### [Problem details]
A faithful, word-for-word copy of the data below is required, without pictures.

### [Data block]

# # # # # # #

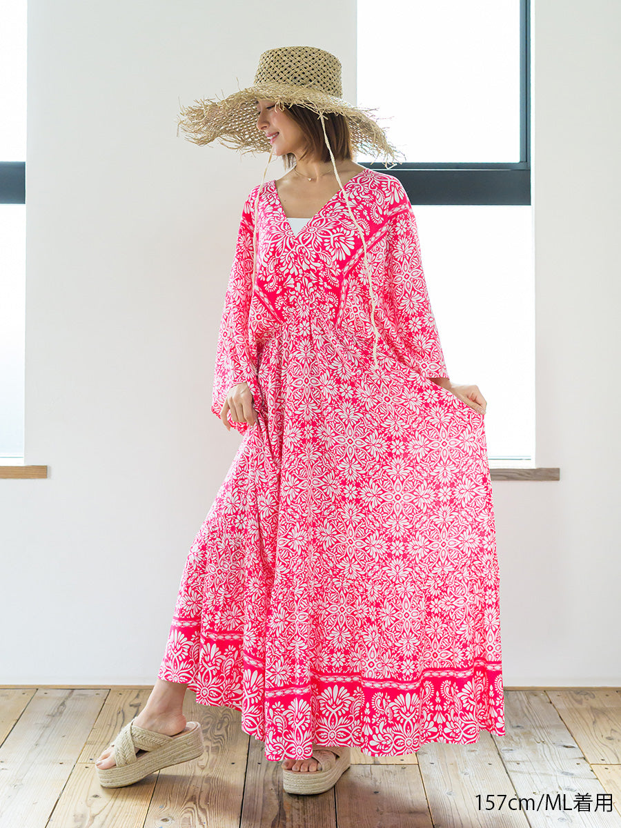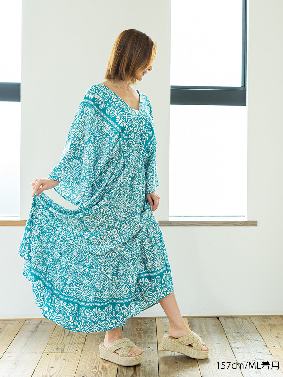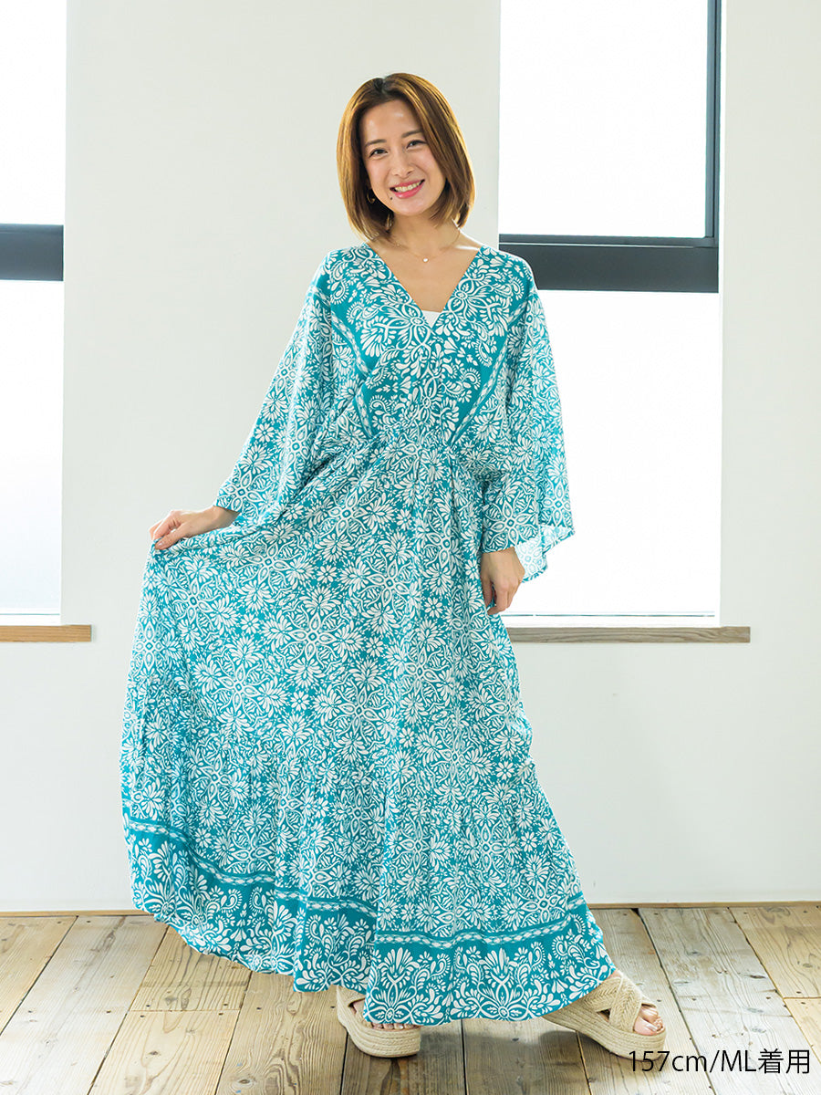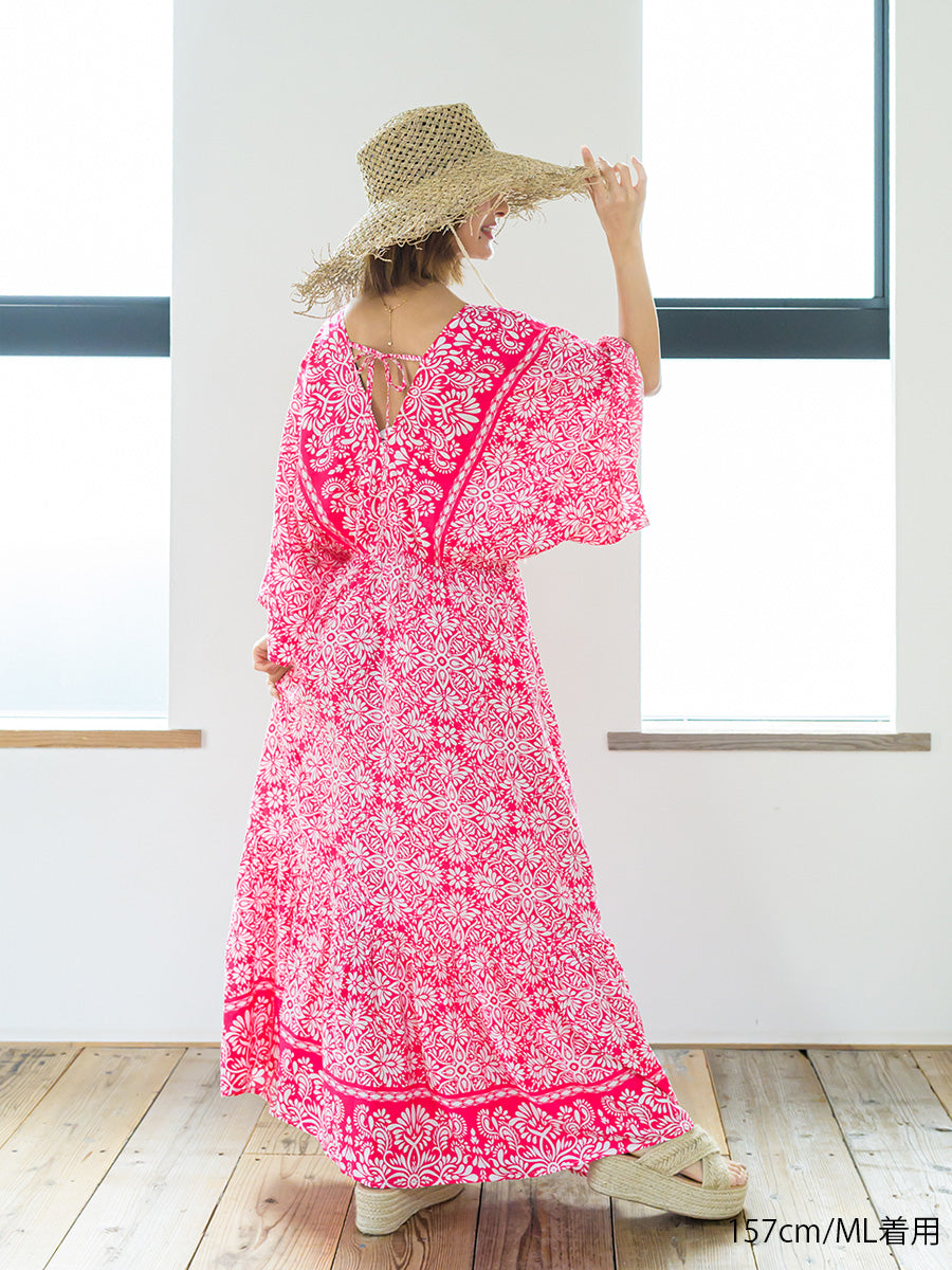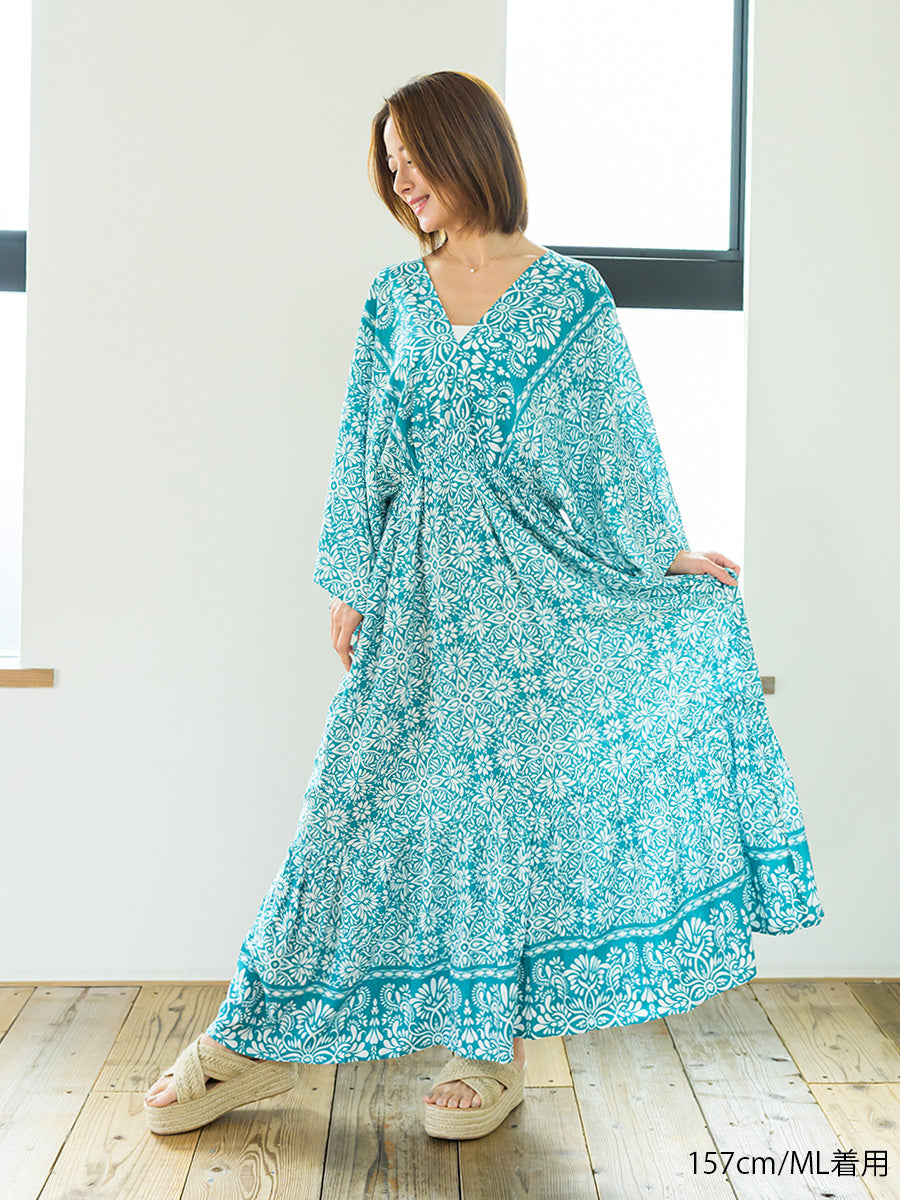 romy by the sea(ルーミーバイザシー)オリエンタル柄ドルマンティアードワンピース
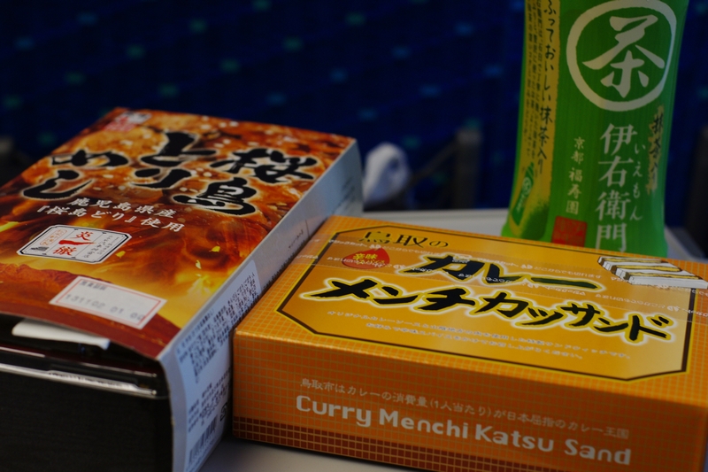 電車旅の醍醐味と言えば駅弁。本当は、せっかく東京駅から新幹線に乗るので東京のご当地モノが食べたかったのだけれど、ピンとくるものがなかったので「桜島とりめし」と「鳥取のカレーメンチカツサンド」を頂くことに。時刻は8時過ぎ。朝起きて一切飲み食いをしておらず空腹だったので2つも買ってしまった。美味しかった。
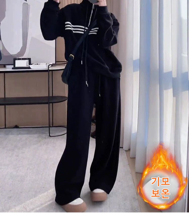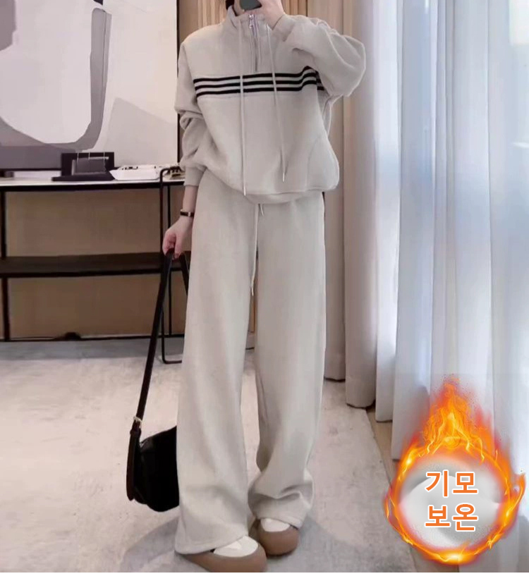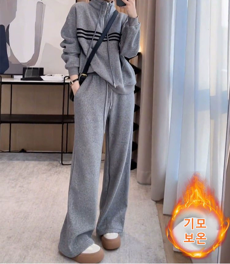 기품 있는 하이넥 두꺼운 디자인 스트라이프 맨투맨 세트

# # # # # # #

### [Task result]
 romy by the sea(ルーミーバイザシー)オリエンタル柄ドルマンティアードワンピース
 電車旅の醍醐味と言えば駅弁。本当は、せっかく東京駅から新幹線に乗るので東京のご当地モノが食べたかったのだけれど、ピンとくるものがなかったので「桜島とりめし」と「鳥取のカレーメンチカツサンド」を頂くことに。時刻は8時過ぎ。朝起きて一切飲み食いをしておらず空腹だったので2つも買ってしまった。美味しかった。
 기품 있는 하이넥 두꺼운 디자인 스트라이프 맨투맨 세트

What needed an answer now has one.